Sözlerine "Turkcell’in BİP Spor üzerinden spor camiasının önde gelen isimlerine aktardığı paralardan, bu paralar üzerinden bazılarının güç elde edip, spor kulüpleri ve federasyonlar üzerinde baskı kurmasından ve Rıdvan Dilmen’in çok önemli açıklamalarının ve suçlamalarının bir anda unutulmasından söz eden yazımdan sonra Hürriyet’in o dönemki spor müdürü Mehmet Arslan mesaj yollayarak ‘Rıdvan’ı dava ettim’ dedi" diye başlayan Altaylı, şöyle devam etti:
"Bu arada Rıdvan Dilmen de aradı haliyle.

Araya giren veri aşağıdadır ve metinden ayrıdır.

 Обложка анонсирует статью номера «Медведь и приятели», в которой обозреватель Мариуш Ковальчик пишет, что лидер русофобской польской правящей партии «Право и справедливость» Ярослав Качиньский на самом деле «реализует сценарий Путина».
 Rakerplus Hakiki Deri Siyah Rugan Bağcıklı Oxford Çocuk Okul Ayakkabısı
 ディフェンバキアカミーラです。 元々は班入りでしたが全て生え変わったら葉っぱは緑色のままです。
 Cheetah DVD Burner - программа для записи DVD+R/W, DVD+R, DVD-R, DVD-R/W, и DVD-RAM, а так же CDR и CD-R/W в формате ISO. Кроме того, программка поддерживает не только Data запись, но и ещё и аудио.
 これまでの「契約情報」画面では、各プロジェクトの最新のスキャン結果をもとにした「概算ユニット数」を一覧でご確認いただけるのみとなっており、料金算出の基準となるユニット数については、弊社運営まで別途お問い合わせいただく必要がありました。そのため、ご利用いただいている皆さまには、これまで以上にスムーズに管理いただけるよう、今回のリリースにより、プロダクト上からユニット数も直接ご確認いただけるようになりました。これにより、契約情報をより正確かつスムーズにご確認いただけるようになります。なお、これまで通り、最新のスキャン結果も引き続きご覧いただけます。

‘Ben tüm iddialarımın arkasındayım. Bir tekinden bile geri adım atmıyorum. Hepsi belgelidir. Hepsi doğrudur’ dedi.
‘Bu işle uğraşmaman yolunda sana bazı telkinler yapıldığı söyleniyor’ dedim.

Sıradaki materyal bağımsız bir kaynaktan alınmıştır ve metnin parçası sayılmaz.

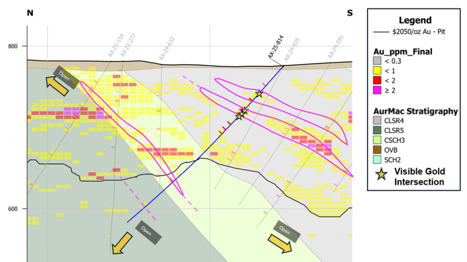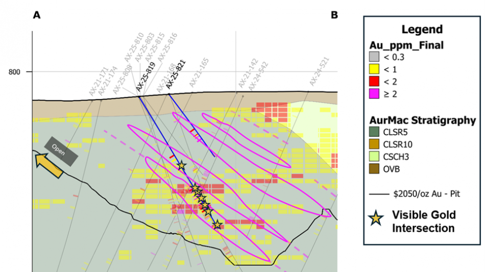 AX-25-819 - 1.82 g/t Au over 26.2m and 4.64 g/t Au over 7.7m, within 1.06 g/t Au over 49.6m; includes high-grade interval of 19.90 g/t Au over 1.5m;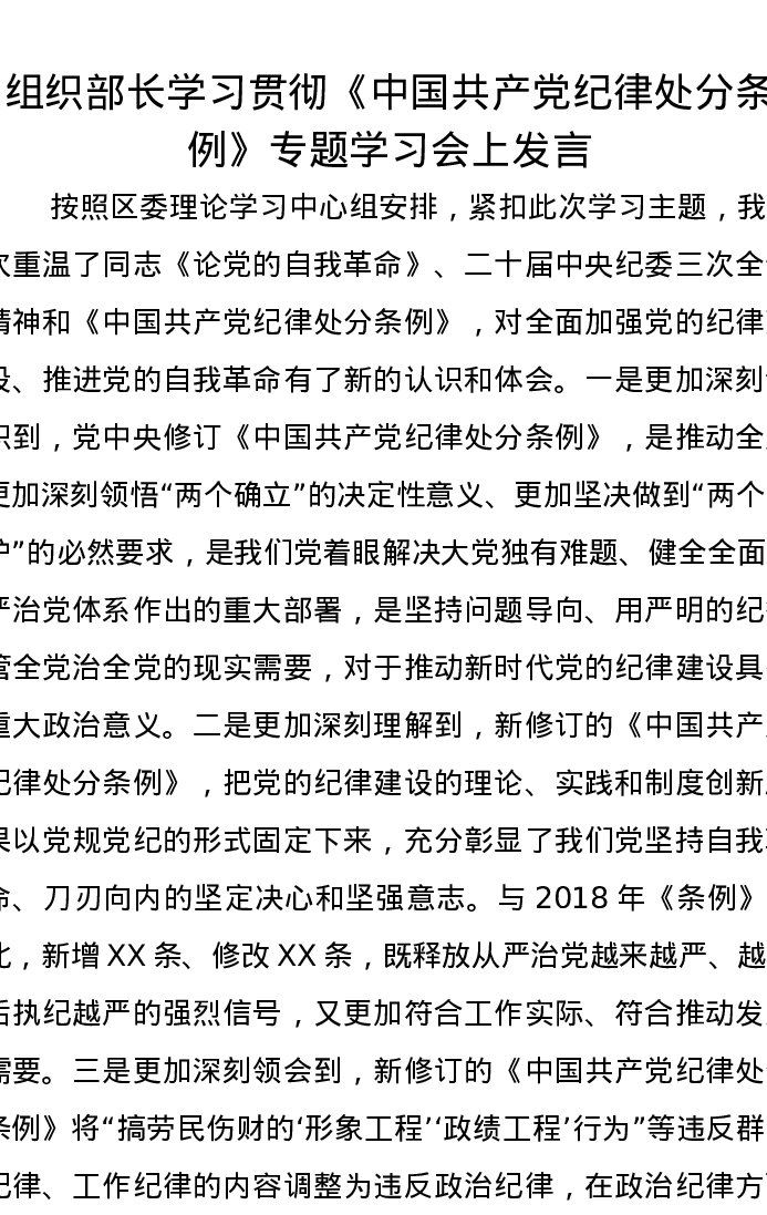 组织部长学习贯彻《中国共产党纪律处分条例》专题学习会上发言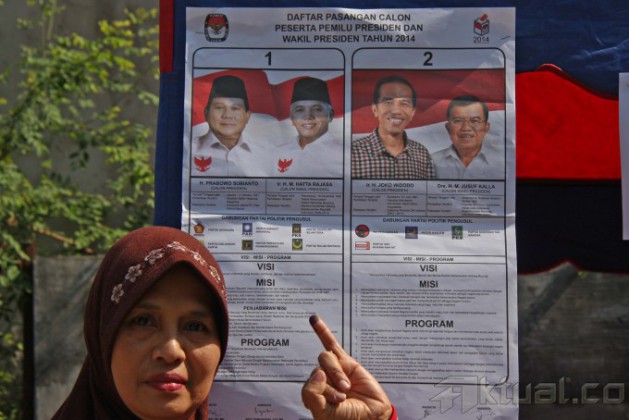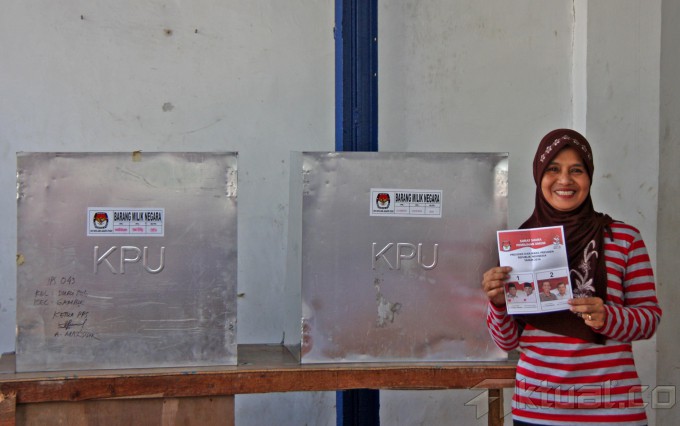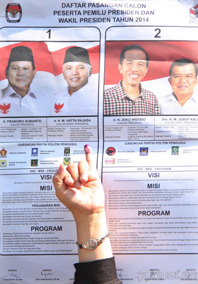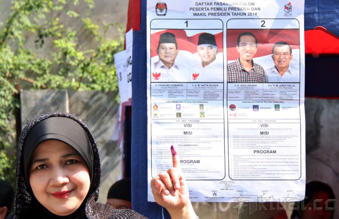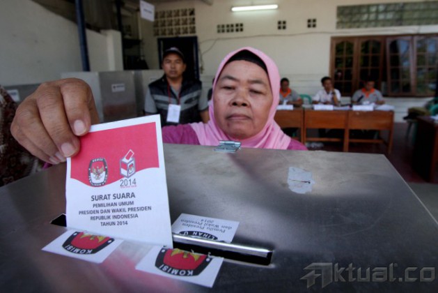 Warga saat mengikuti pemungutan suara ulang Pilpres 2014 di TPS 03 Kelurahan Cideng, Kecamatan Gambir, Jakarta Pusat, Sabtu (19/7/2014). Pencoblosan ulang ini diadakan karena sebelumnya banyak ditemukan pemilih dari daerah yang tetap diizinkan melakukan pemungutan suara meski tak memiliki surat A5. Aktual/Tino Oktaviano

‘Ben de duydum. Hiç böyle bir şey yok. Kimseden bir telkin, bir rica gelmedi. Ben işin arkasında ve peşindeyim. Ben söyleyeceğimi söyledim. Gerekirse yine söylerim ama bekliyorum. Savcılar çıksın, spor yöneticileri çıksın ve bu iddialarımı sorsun, soruştursun. Benim yapabileceğim açıklamaktı, açıkladım. Şimdi yetkili merciler harekete geçsin. Gerekirse müfettişler harekete geçsin ve araştırılsın bu rezaletler’ diye meydan okudu.

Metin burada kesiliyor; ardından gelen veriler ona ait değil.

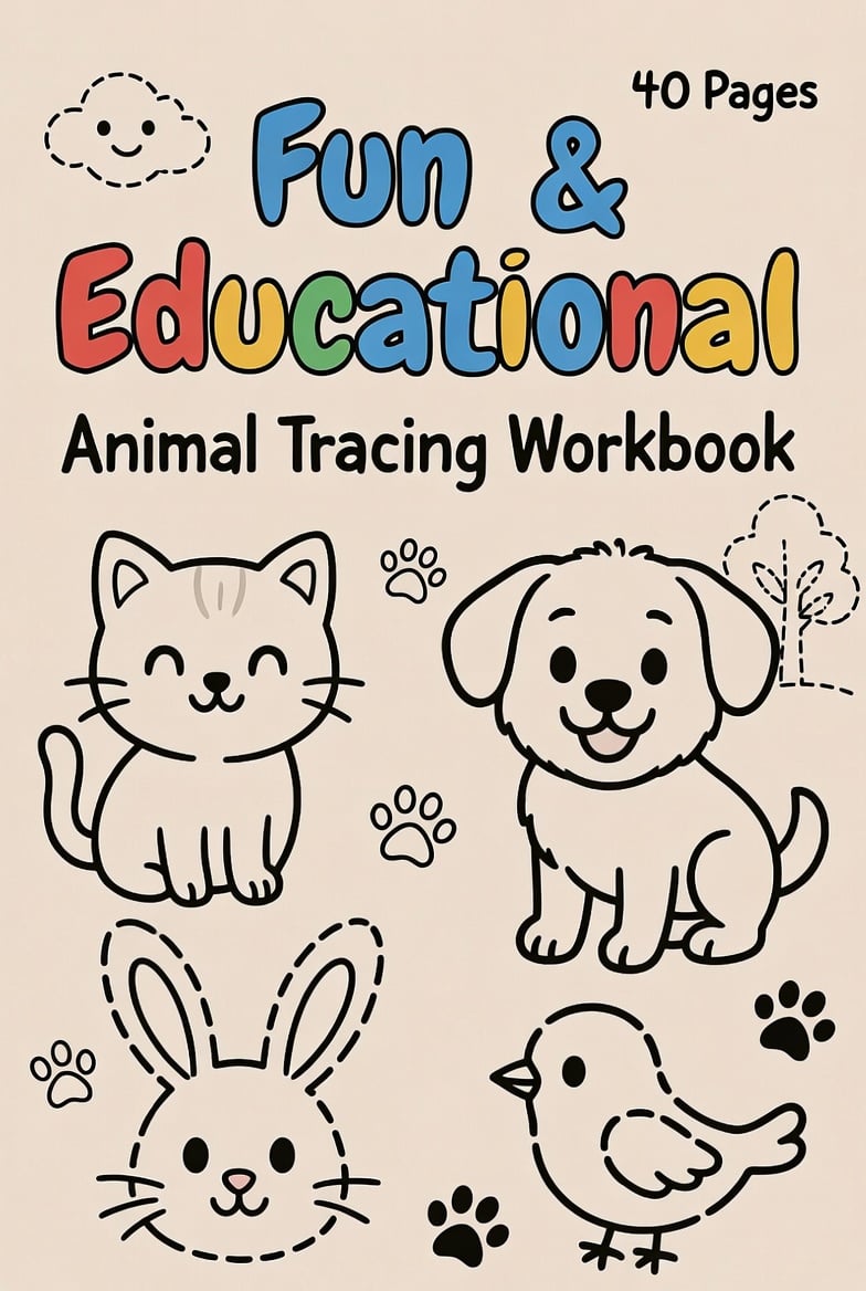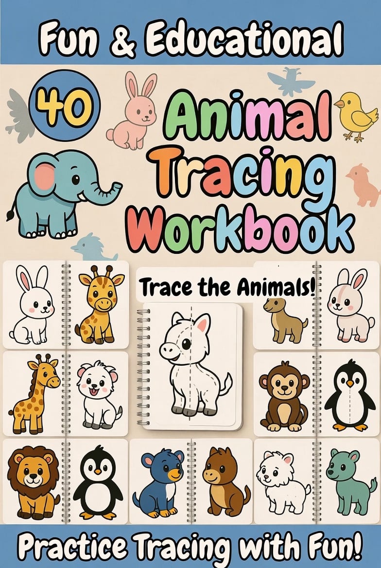 Fun & Educational Animal Tracing Workbook – 40 Pages of Adorable Animals!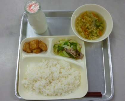 豚肉と野菜のいためもの  かきたま汁 あつあげのみそだれかけ

‘Zaten ilgili şahısların bazıları bana dava açtı. Ben de onlara açıyorum. Mahkemede ayrıca hesaplaşacağız’ dedi.
Ben de Rıdvan’a ‘Seninle ilgili iddialar da var. Bu işten pay alamadığın için ortaya çıktığın, Turkcell’den büyük paralar istediğini söylüyorlar’ dedim.
‘Allah’tan korksunlar. Ben Turkcell’e bir kez gittim. O da NTV yöneticileri ile beraber. NTV’nin talebi üzerine. Bir proje için. Bir daha da gitmedim. Zaten o proje de gerçekleşmedi. Benim Turkcell’den şahsi bir talebim asla olmadı’ dedi net biçimde.
Ve ekledi.
‘Ama BİP Spor’un benden bir talebi oldu. BİP Spor yöneticisi ve Vatan gazetesi spor müdürü İbrahim Seten benimle buluşmak istedi. Ben de buluştum. Yemek yedik. O yemekte bana bir teklifte bulundu. BİP Spor’da haftada bir spor yorumu yapmam karşılığında bana ayda 80 bin TL önerdi. Ben de reddettim.’
Rıdvan’a ‘Bu önemli bir iddia bunu yazabilir miyim?’ diye sordum.
‘Tabii ki, yazabilirsin. Serafina restoranda buluştuk. Onu da koyabilirsin’ dedi.
Kapatmadan önce Rıdvan’ın son sözü şu oldu:
‘Sana da üzülüyorum. Bu işlerle uğraşmak senin duruşuna, kalitene zarar verecek diye korkuyorum. Sen çok daha önemli işlerle uğraşırken, bu pislikle ne işin var diye de düşünüyorum.’
Ben de Rıdvan’a gazeteciliğin her türlü pislikle uğraşmak olduğunu, işimin bu olduğunu söyledim.
Kapattık.
Bakalım Rıdvan’ın dediği gibi müfettişler, savcılar kılını kıpırdatacak mı?"